Exercise
Set down the data again word for word. Skip any pictures.

Material provided
┏━━
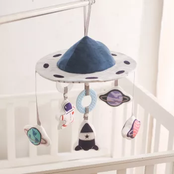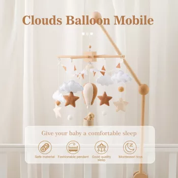 Wooden Baby Crib Mobile with Soft Felt Hot Air Balloons & Astronauts
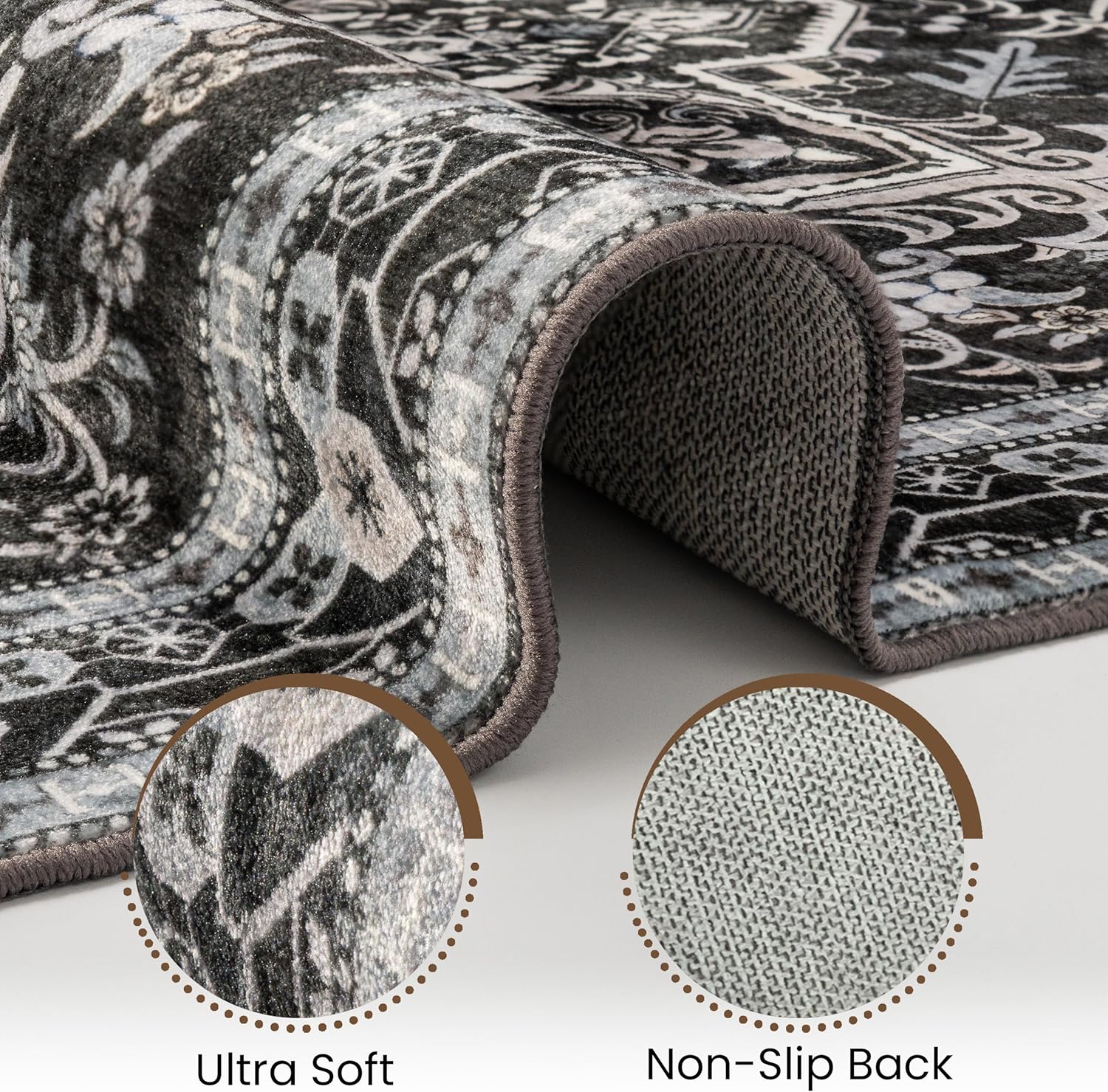 Washable Runner Rug 2.5x8 | Non Slip Rug Runners for Hallways, Entryways, Kitchens, Bathrooms, Bedrooms | Ultra-Soft Flannel Carpet Runners with Rubber Backing (Charcoal, 2.5x8)
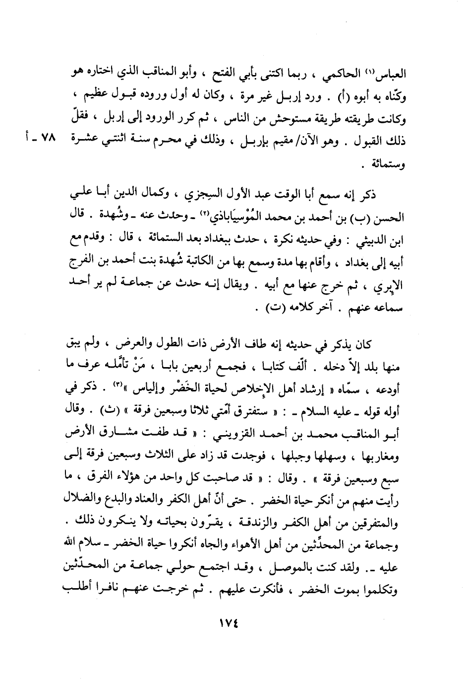 وَجَمَاعَةٌ مِنَ الْمُحَدِّثِينَ مِنْ أَهْلِ الْأَهْوَاءِ وَالْجَاهِ أَنْكَرُوا حَيَاةَ الْخَضْرِ- سَلَامُ اللَّهِ عَلَيْهِ-. وَلَقَدْ كُنْتُ بِالْمَوْصِلِ، وَقَدِ اجْتَمَعَ حَوْلي جَمَاعَةٌ مِنَ الْمُحَدِّثِينَ وَتَكَلَّمُوا بِمَوْتِ الْخَضْرِ، فَأْنَكَرْتُ عَلَيْهِمْ. ثُمَّ خَرَجْتُ عَنْهُمْ نَافِرًا أَطْلُبُ
┗━━
Exercise response
 Wooden Baby Crib Mobile with Soft Felt Hot Air Balloons & Astronauts
 Washable Runner Rug 2.5x8 | Non Slip Rug Runners for Hallways, Entryways, Kitchens, Bathrooms, Bedrooms | Ultra-Soft Flannel Carpet Runners with Rubber Backing (Charcoal, 2.5x8)
 وَجَمَاعَةٌ مِنَ الْمُحَدِّثِينَ مِنْ أَهْلِ الْأَهْوَاءِ وَالْجَاهِ أَنْكَرُوا حَيَاةَ الْخَضْرِ- سَلَامُ اللَّهِ عَلَيْهِ-. وَلَقَدْ كُنْتُ بِالْمَوْصِلِ، وَقَدِ اجْتَمَعَ حَوْلي جَمَاعَةٌ مِنَ الْمُحَدِّثِينَ وَتَكَلَّمُوا بِمَوْتِ الْخَضْرِ، فَأْنَكَرْتُ عَلَيْهِمْ. ثُمَّ خَرَجْتُ عَنْهُمْ نَافِرًا أَطْلُبُ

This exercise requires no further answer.